Another reason to consider is politeness. Yes, we all know to say please and thank you, and to think about our tone of voice and body language. However, I’ve noticed that its often lower-level students who are nervous of speaking in case they offend someone by using the wrong word. Meanwhile, higher level students don’t share this concern and have often come across as rude, when there was no intention to be, simply because they couldn’t think of a more sensitive way to word their question. Recently, I was asked a question starting with the words “why didn’t you”. Immediately I felt that I was being criticised for the way I had handled the situation I was describing. Even though I knew, logically, that I had managed the situation to the best of my ability at the time, I felt that I had to defend and justify my actions and choices. Obviously, this was not the intention of the speaker. Their question was intended as a way of offering advice and support, and they had done so in the best way they knew how. Unfortunately, the best way they knew how came across as a little tactless and insensitive. Learning more about the language, learning other ways of asking for more information, can help to avoid causing offence and creating tension. Changing the way we say things, in this example perhaps saying “would it have helped to….?”, would better ensure that there’s no misunderstanding and less chance that the other person will be insulted. This is just one example of a personal situation, what about in the work place? The manager conducting staff appraisals who asks something in a direct and blunt way and causes their employee to feel attacked or unappreciated. The sales person who loses a client, or fails to make a sale to a new one, because their choice of words sounds aggressive and insensitive. Knowing how to phrase something so that your intention is clear, without sounding rude, is essential. We may not all be perfect at doing it in our first language, but what hope do we have of getting it right in a second language if we stop learning.
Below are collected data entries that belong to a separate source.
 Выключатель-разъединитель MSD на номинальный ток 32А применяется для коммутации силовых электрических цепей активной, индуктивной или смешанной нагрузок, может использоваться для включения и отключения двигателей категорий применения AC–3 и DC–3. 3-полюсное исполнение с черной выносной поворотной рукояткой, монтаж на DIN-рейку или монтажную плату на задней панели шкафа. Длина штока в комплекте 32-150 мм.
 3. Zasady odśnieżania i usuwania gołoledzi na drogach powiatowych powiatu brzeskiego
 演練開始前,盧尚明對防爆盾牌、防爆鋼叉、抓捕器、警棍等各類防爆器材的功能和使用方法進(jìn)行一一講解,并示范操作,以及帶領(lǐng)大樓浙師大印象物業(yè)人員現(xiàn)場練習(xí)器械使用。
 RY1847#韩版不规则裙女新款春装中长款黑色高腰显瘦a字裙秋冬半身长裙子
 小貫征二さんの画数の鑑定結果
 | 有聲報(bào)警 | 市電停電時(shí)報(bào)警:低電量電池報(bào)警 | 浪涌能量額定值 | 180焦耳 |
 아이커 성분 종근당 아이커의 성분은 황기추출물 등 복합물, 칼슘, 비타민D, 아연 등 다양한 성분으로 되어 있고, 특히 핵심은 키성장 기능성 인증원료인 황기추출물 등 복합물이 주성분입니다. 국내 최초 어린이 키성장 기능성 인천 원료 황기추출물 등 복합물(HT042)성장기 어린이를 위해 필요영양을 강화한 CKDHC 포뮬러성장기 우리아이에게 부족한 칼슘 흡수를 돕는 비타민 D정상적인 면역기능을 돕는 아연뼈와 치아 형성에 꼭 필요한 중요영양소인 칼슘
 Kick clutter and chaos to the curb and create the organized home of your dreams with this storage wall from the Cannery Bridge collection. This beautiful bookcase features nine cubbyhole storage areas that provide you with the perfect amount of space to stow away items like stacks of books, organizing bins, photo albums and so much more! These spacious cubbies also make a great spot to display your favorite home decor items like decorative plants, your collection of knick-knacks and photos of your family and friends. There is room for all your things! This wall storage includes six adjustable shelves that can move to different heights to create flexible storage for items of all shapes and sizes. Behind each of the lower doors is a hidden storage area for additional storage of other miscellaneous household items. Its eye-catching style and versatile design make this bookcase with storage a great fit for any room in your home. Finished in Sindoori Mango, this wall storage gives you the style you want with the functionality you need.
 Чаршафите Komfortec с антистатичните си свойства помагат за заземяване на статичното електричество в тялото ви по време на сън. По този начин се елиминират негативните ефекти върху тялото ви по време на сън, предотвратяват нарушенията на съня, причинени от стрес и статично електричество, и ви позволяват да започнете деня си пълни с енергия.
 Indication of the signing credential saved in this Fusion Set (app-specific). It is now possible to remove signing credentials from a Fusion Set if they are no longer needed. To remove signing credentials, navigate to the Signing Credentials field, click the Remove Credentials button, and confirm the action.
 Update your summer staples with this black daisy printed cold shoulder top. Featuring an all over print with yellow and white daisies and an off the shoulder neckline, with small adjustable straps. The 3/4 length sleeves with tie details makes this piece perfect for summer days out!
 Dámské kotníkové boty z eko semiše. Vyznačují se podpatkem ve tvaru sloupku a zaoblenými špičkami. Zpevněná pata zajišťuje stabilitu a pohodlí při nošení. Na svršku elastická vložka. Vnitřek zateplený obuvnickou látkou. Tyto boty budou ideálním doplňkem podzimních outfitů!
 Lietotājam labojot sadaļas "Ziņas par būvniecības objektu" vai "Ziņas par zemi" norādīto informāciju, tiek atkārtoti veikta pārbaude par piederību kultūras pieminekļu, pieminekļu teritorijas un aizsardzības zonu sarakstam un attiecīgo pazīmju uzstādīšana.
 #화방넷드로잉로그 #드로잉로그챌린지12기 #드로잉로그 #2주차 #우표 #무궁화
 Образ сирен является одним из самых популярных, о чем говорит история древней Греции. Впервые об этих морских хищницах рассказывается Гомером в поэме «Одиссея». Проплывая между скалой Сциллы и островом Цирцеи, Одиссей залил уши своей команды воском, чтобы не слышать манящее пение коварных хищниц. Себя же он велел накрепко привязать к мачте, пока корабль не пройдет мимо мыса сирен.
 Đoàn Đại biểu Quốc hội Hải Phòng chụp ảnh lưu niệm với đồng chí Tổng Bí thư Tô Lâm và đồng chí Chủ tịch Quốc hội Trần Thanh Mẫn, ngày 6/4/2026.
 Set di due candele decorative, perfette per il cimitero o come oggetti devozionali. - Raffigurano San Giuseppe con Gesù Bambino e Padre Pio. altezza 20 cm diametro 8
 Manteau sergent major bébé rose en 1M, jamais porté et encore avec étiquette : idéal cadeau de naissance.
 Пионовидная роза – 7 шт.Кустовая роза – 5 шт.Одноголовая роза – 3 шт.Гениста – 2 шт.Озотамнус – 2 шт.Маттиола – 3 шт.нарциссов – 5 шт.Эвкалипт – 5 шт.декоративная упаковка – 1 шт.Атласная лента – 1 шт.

Finally, if none of those reasons above are enough, perhaps this one will convince you to keep improving your language knowledge; the desire to entertain and connect with people through personal anecdotes, funny stories, and telling jokes. I was recently told by another teacher of a student who wanted to keep learning so they could be as funny in their second language as they were in their first. Yes, some jokes are culturally specific and we need an awareness of culture as much as language ability in some situations. Nevertheless, we all have a funny story to tell about something which happened to us. A night out with friends in a restaurant which had hilarious consequences, a trip somewhere which ended up being more dramatic than we planned, or even just an incredible experience which we want to share with others. None of these things are easy to convey if you don’t have the language skills and the vocabulary to do it. An amusing story gets boring quickly if the listeners have to wait all the time because you keep pausing to think of the word you want. That incredible experience doesn’t have as much of an impact if all you say is “we had a very nice time”. Where’s the detail? Where’s the descriptive vocabulary which makes me feel as though I’m right there with you? How can I create the images in my head and picture the events if you can’t describe it and keep having to correct yourself? Not to mention how confusing it can be if you don’t know the correct tense to use and the people around you can’t understand the order of events. Before I finish, I want to be clear; keep speaking. Please don’t let anything I’ve said above stop you from trying to communicate and trying to tell people about those experiences. You need to keep communicating and talking in order to practice your language skills so you don’t lose the ones you’ve already worked so hard to achieve. All of the reasons above are not excuses to stop speaking in your second language. They are reasons why you should keep going. As someone who can only speak one language, I am very jealous of your ability in a second (maybe even your third). Why stop learning when you’ve come so far?